**Work instruction**
Transcribe the entries exactly. Omit the pictures.

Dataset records
=====

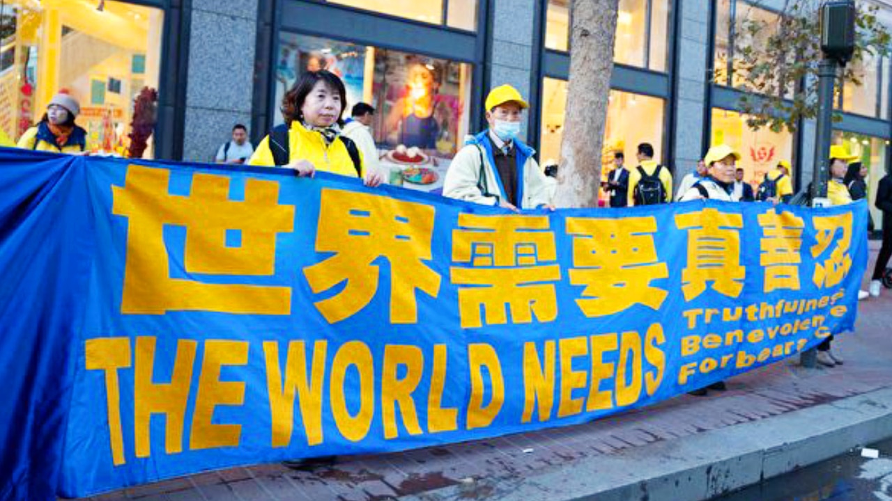 Các học viên Pháp Luân Công ở San Francisco đã thỉnh nguyện ôn hòa bên ngoài Trung tâm Moscone, nơi diễn ra Hội nghị Thượng đỉnh APEC.
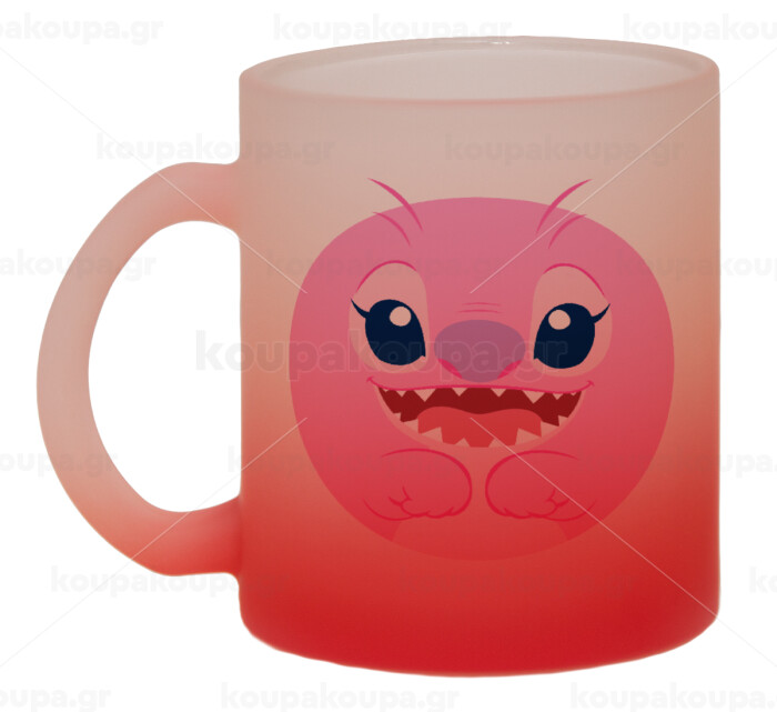 Lilo & Stitch Angel pink, Κούπα γυάλινη δίχρωμη με βάση το κόκκινο ματ, 330ml
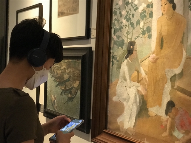 Visitors enjoy the app at the Việt Nam National Fine Arts Museum. — Photo VFA
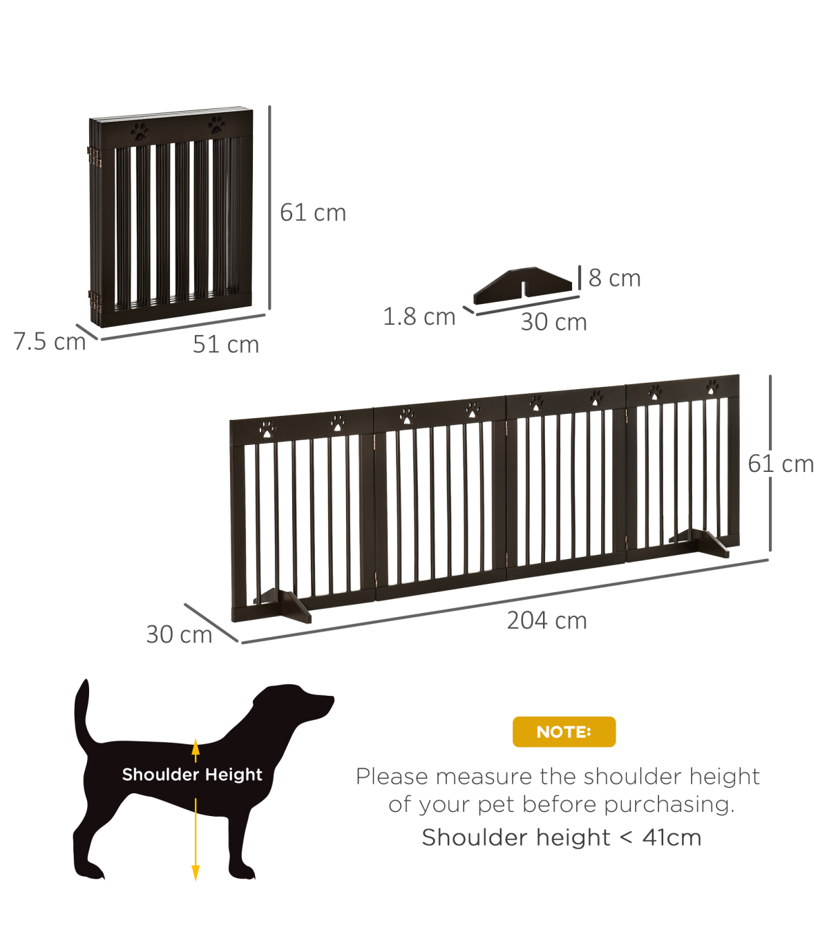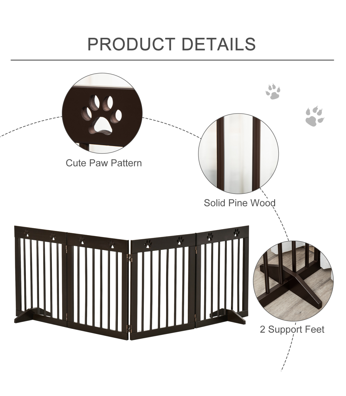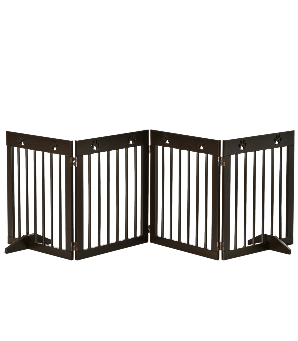 - Solid pine wood frame is durable and pet-friendly - Duel-sided Folding system with quality dual hinges makes it easy to set into different shapes - Great for doorways, halls, bedrooms, and staircases - Cut-out paw pattern on top is cute - Two removable feet for added stability - Unsuitable for strong dogs This PawHut pet gate is the perfect solution to limit your pet's activities in a safe and effective way. Made of solid pine wood, this gate consists of four panels connected by hinges, allowing you to adjust its shape to fit different spaces. When not in use, simply fold it up to save space. Ideal for doorways, stairs, and entrances, this gate is a reliable tool to keep your pets secure when needed. - Dimensions: 204L x 30W x 61H cm - Weight: 20.00 kg - Colour: Brown
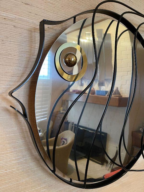 Curtis Jere Modern Fat Fish Wall Sculpture Mirror
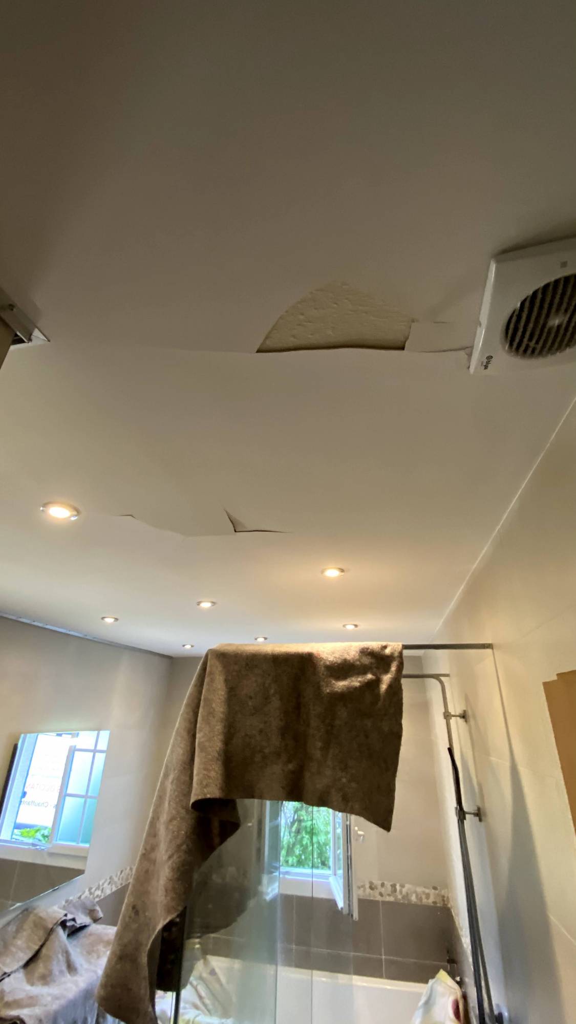 Intervient, ensuite, le moment de la mise en chauffe de la toile, de son accrochage et des percements pour le passage des spots et de la bouche de VMC à travers la toile.
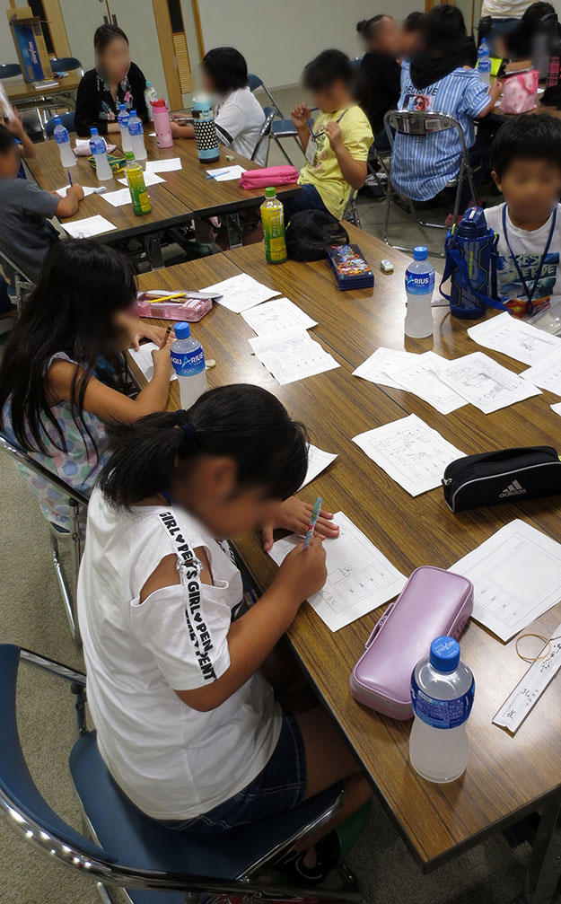 今年度は普段は秋から始まる川崎市の小学校からの提案で、夏休み前に一度、映像の基本と監督や撮影、録音などの各役割説明と、夏休みの宿題である物語のつくり方の授業から始まった。
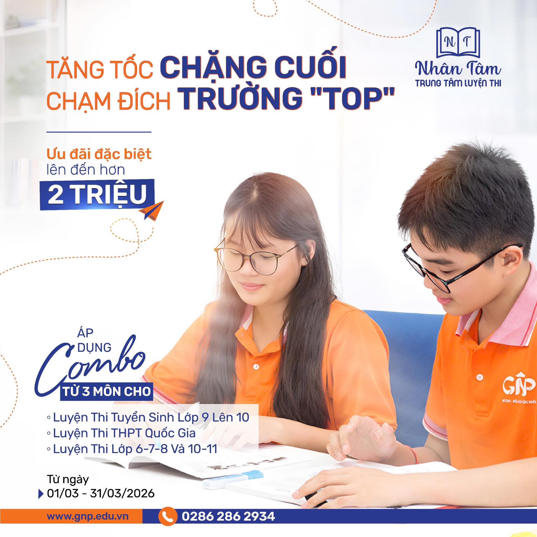 Thấu hiểu những áp lực đó, Luyện Thi Nhân Tâm triển khai chương trình ưu đãi đặc biệt – chỉ có trong tháng 3 này nhằm giúp học sinh tăng tốc ôn tập và tự tin bứt phá điểm số.
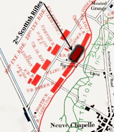 Assembly position of the 2nd Scottish Rifles at Signpost Lane, Neuve-Chapelle, on 10th March 1915 (British divisions in red, 11th Jäger Battalion trenches in green). Based on a map in the British Official History of Military Operations, 1915.
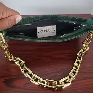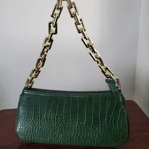 Vegan Brand Handbag, small, green snakeskin with gold-toned short-handle strap.
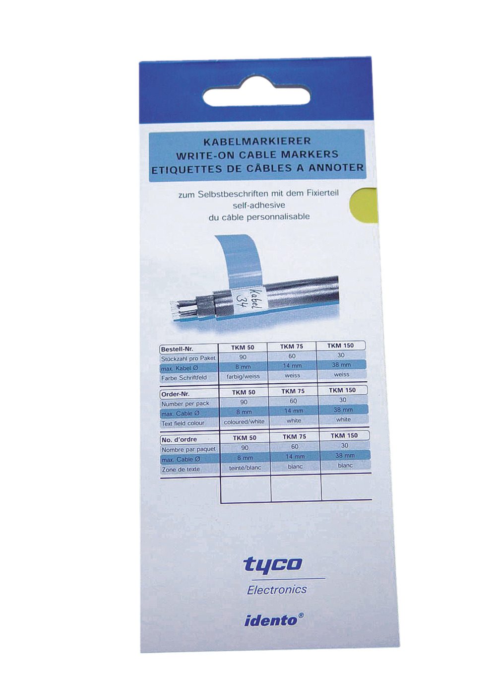 Temperature-resistant from -30°C to +120°C, permanent adhesion, high UV resistance. Resistant to dirt, water, alcohol, and petroleum-based oils. Can be written on with pencil, ballpoint pen, printer, etc. Pocket packaging. Specifications: Labeling area: 25 x 25 mm, maximum cable diameter 38 mm, pieces per block: 32, length: 150 mm. Packing unit: 1.
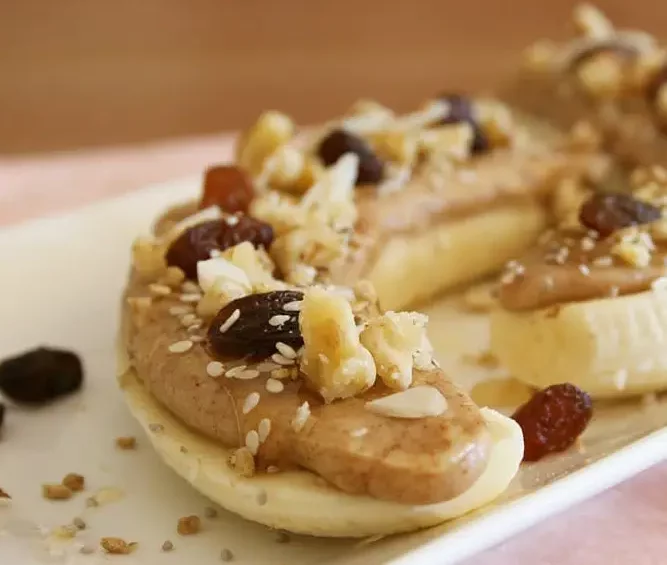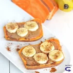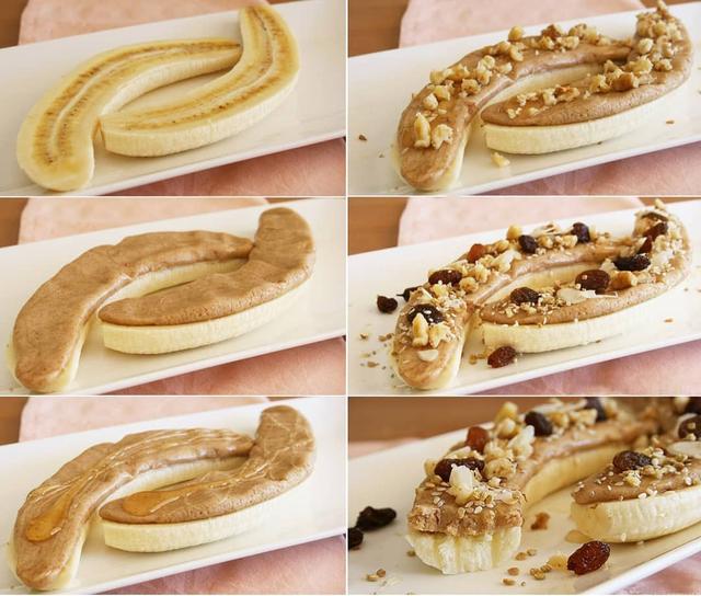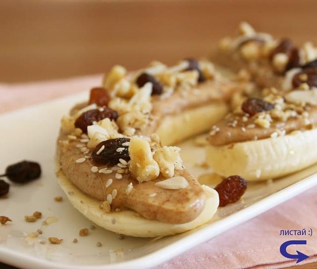 Мы заменили арахисовую пасту миндальной, потому что очень ее любим 🙂 Вместо хлеба взяли банан. Получилась простая легкая утренняя закуска, достаточная для того, чтобы наполнить воскресное утро энергией для пробежки, спорта или похода на море.
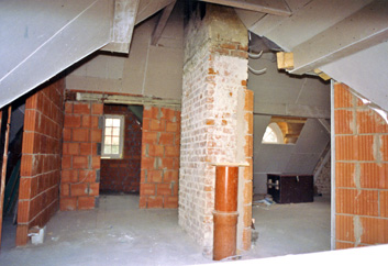 Dachgeschoss. Dachschrägen wärmegedämmt, mit Gipskarton verkleidet. Im Hintergrund das Bad für die Kinder mit Sprossenfenster im vergrößerten Ostgiebel. Im Raum rechts ist die neue Rundgaube mit gesprosstem Fenster bereits eingebaut. Vorm Kamin eingebaut mein obligatorischer Wäscheabwurf zum Keller. |
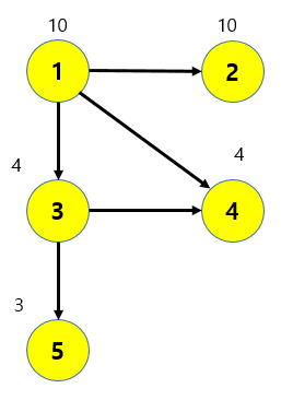 1번째는 10 -1 즉, 10이라는 시간이 소요되고 1번째 노드로 들어오는 노드(먼저 지어져야 하는 건물)는 없다는 것입니다.
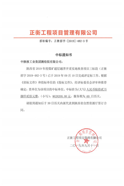 9月11日,测绘院在陕西省2019年度煤矿超层越界开采实地核查项目招标中,凭借过硬的技术、合理的报价、严谨的作风、丰富的经验,在众多地勘单位中脱颖而出,成功中标项目第三标段。

=====

**Response to the exercise**
 Các học viên Pháp Luân Công ở San Francisco đã thỉnh nguyện ôn hòa bên ngoài Trung tâm Moscone, nơi diễn ra Hội nghị Thượng đỉnh APEC.
 Lilo & Stitch Angel pink, Κούπα γυάλινη δίχρωμη με βάση το κόκκινο ματ, 330ml
 Visitors enjoy the app at the Việt Nam National Fine Arts Museum. — Photo VFA
 - Solid pine wood frame is durable and pet-friendly - Duel-sided Folding system with quality dual hinges makes it easy to set into different shapes - Great for doorways, halls, bedrooms, and staircases - Cut-out paw pattern on top is cute - Two removable feet for added stability - Unsuitable for strong dogs This PawHut pet gate is the perfect solution to limit your pet's activities in a safe and effective way. Made of solid pine wood, this gate consists of four panels connected by hinges, allowing you to adjust its shape to fit different spaces. When not in use, simply fold it up to save space. Ideal for doorways, stairs, and entrances, this gate is a reliable tool to keep your pets secure when needed. - Dimensions: 204L x 30W x 61H cm - Weight: 20.00 kg - Colour: Brown
 Curtis Jere Modern Fat Fish Wall Sculpture Mirror
 Intervient, ensuite, le moment de la mise en chauffe de la toile, de son accrochage et des percements pour le passage des spots et de la bouche de VMC à travers la toile.
 今年度は普段は秋から始まる川崎市の小学校からの提案で、夏休み前に一度、映像の基本と監督や撮影、録音などの各役割説明と、夏休みの宿題である物語のつくり方の授業から始まった。
 Thấu hiểu những áp lực đó, Luyện Thi Nhân Tâm triển khai chương trình ưu đãi đặc biệt – chỉ có trong tháng 3 này nhằm giúp học sinh tăng tốc ôn tập và tự tin bứt phá điểm số.
 Assembly position of the 2nd Scottish Rifles at Signpost Lane, Neuve-Chapelle, on 10th March 1915 (British divisions in red, 11th Jäger Battalion trenches in green). Based on a map in the British Official History of Military Operations, 1915.
 Vegan Brand Handbag, small, green snakeskin with gold-toned short-handle strap.
 Temperature-resistant from -30°C to +120°C, permanent adhesion, high UV resistance. Resistant to dirt, water, alcohol, and petroleum-based oils. Can be written on with pencil, ballpoint pen, printer, etc. Pocket packaging. Specifications: Labeling area: 25 x 25 mm, maximum cable diameter 38 mm, pieces per block: 32, length: 150 mm. Packing unit: 1.
 Мы заменили арахисовую пасту миндальной, потому что очень ее любим 🙂 Вместо хлеба взяли банан. Получилась простая легкая утренняя закуска, достаточная для того, чтобы наполнить воскресное утро энергией для пробежки, спорта или похода на море.
 Dachgeschoss. Dachschrägen wärmegedämmt, mit Gipskarton verkleidet. Im Hintergrund das Bad für die Kinder mit Sprossenfenster im vergrößerten Ostgiebel. Im Raum rechts ist die neue Rundgaube mit gesprosstem Fenster bereits eingebaut. Vorm Kamin eingebaut mein obligatorischer Wäscheabwurf zum Keller. |
 1번째는 10 -1 즉, 10이라는 시간이 소요되고 1번째 노드로 들어오는 노드(먼저 지어져야 하는 건물)는 없다는 것입니다.
 9月11日,测绘院在陕西省2019年度煤矿超层越界开采实地核查项目招标中,凭借过硬的技术、合理的报价、严谨的作风、丰富的经验,在众多地勘单位中脱颖而出,成功中标项目第三标段。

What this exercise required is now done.